__Entries taken from a collection__
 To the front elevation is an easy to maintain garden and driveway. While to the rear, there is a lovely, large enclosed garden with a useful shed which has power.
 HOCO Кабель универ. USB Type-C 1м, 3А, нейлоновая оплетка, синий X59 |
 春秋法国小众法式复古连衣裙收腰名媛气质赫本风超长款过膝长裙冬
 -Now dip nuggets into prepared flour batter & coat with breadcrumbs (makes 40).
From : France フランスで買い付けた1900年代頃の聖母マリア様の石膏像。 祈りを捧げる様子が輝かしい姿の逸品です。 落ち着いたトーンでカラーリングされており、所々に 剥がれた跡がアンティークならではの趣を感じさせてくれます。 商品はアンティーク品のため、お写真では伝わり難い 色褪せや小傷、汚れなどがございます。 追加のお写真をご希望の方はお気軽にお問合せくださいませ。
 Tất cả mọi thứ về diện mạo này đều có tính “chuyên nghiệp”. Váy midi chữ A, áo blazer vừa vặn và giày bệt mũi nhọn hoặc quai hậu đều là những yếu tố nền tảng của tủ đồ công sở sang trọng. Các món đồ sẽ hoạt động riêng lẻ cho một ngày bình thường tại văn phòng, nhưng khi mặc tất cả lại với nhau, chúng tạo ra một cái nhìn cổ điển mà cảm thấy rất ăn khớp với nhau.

__Problem details__
Each record is to be given again in full, exactly as it reads.

__Output of the exercise__
 To the front elevation is an easy to maintain garden and driveway. While to the rear, there is a lovely, large enclosed garden with a useful shed which has power.
 HOCO Кабель универ. USB Type-C 1м, 3А, нейлоновая оплетка, синий X59 |
 春秋法国小众法式复古连衣裙收腰名媛气质赫本风超长款过膝长裙冬
 -Now dip nuggets into prepared flour batter & coat with breadcrumbs (makes 40).
From : France フランスで買い付けた1900年代頃の聖母マリア様の石膏像。 祈りを捧げる様子が輝かしい姿の逸品です。 落ち着いたトーンでカラーリングされており、所々に 剥がれた跡がアンティークならではの趣を感じさせてくれます。 商品はアンティーク品のため、お写真では伝わり難い 色褪せや小傷、汚れなどがございます。 追加のお写真をご希望の方はお気軽にお問合せくださいませ。
 Tất cả mọi thứ về diện mạo này đều có tính “chuyên nghiệp”. Váy midi chữ A, áo blazer vừa vặn và giày bệt mũi nhọn hoặc quai hậu đều là những yếu tố nền tảng của tủ đồ công sở sang trọng. Các món đồ sẽ hoạt động riêng lẻ cho một ngày bình thường tại văn phòng, nhưng khi mặc tất cả lại với nhau, chúng tạo ra một cái nhìn cổ điển mà cảm thấy rất ăn khớp với nhau.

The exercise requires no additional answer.